Anticipate – and avoid – inequitable outcomes

Division and product managers need guidance on how to anticipate inequitable and biased outcomes. Inequalities and biases can arise due simply to data collection imbalances — for instance, a facial recognition tool that has been trained on 100,000 male faces and 5,000 female faces will likely be differently effective by gender. CDAOs must help ensure balanced and representative data sets.
Other biases are less obvious, but just as important. In 2019, Apple Card and Goldman Sachs were accused of gender bias when extending higher credit lines to men than women. Though Goldman Sachs maintained that creditworthiness — not gender — was the driving factor in credit decisions, the fact that women have historically had fewer opportunities to build credit likely meant that the algorithm favored men.
To mitigate inequities, CDAOs must help tech developers and product managers alike navigate what it means to be fair. While computer science literature offers myriad metrics and definitions of fairness, developers cannot reasonably choose one in the absence of collaborations with the business managers and external experts who can offer deep contextual understanding of how data will eventually be used. Once standards for fairness are chosen, they must also be effectively communicated to data collectors to ensure adherence.

Align organizational structure with the process for identifying ethical risk

CDAOs often build analytics capacity in one of two ways: via a center of excellence, in service to an entire organization, or a more distributed model, with data scientists and analytics investments committed to specific functional areas, such as marketing, finance or operations. Regardless of organizational structure, the processes and rubrics for identifying ethical risk must be clearly communicated and appropriately incentivized.
Key steps include:

  • Clearly establishing accountability by creating linkages from the data ethics body to departments and teams. This can be done by having each department or team designate its own “ethics champion” to monitor ethics issues. Champions need to be able to elevate concerns to the data ethics body, which can advise on mitigation strategies, such as augmenting existing data, improving transparency or creating a new objective function.
  • Ensuring consistent definitions and processes across teams through education and training around data and AI ethics.
  • Broadening teams’ perspectives on how to identify and remediate ethical problems by facilitating collaborations across internal teams and sharing examples and research from other domains.
  • Creating incentives — financial or other recognitions — to build a culture that values the identification and mitigation of ethical risk.

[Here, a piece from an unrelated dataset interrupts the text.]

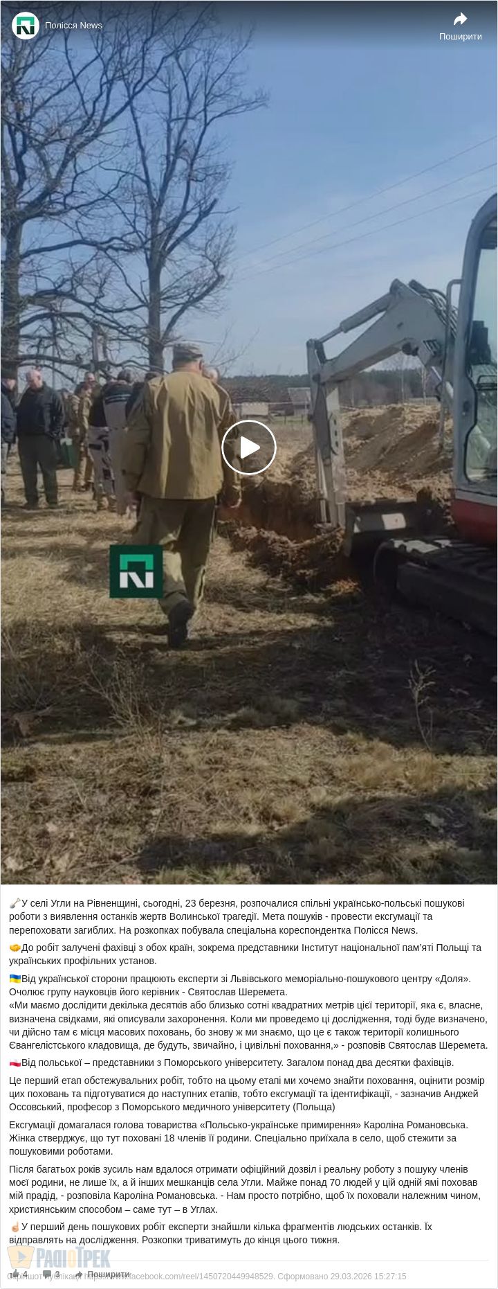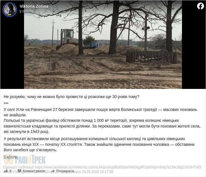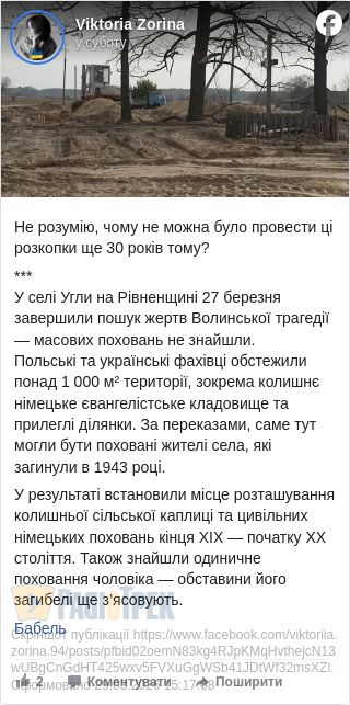 Спільна українсько-польська експедиція, яка з 23 по 27 березня 2026 року проводила пошукові роботи у селі Угли Сарненського району на Рівненщині, не виявила масових поховань поляків.

CDAOs are charged with the strategic use and deployment of data to drive revenue with new products and to create greater internal consistencies. Too many business and data leaders today attempt to “be ethical” by simply weighing the pros and cons of decisions as they arise. This short-sighted view creates unnecessary reputational, financial and organizational risk. Just as a strategic approach to data requires a data governance program, good data governance requires an ethics program. Simply put, good data governance is ethical data governance.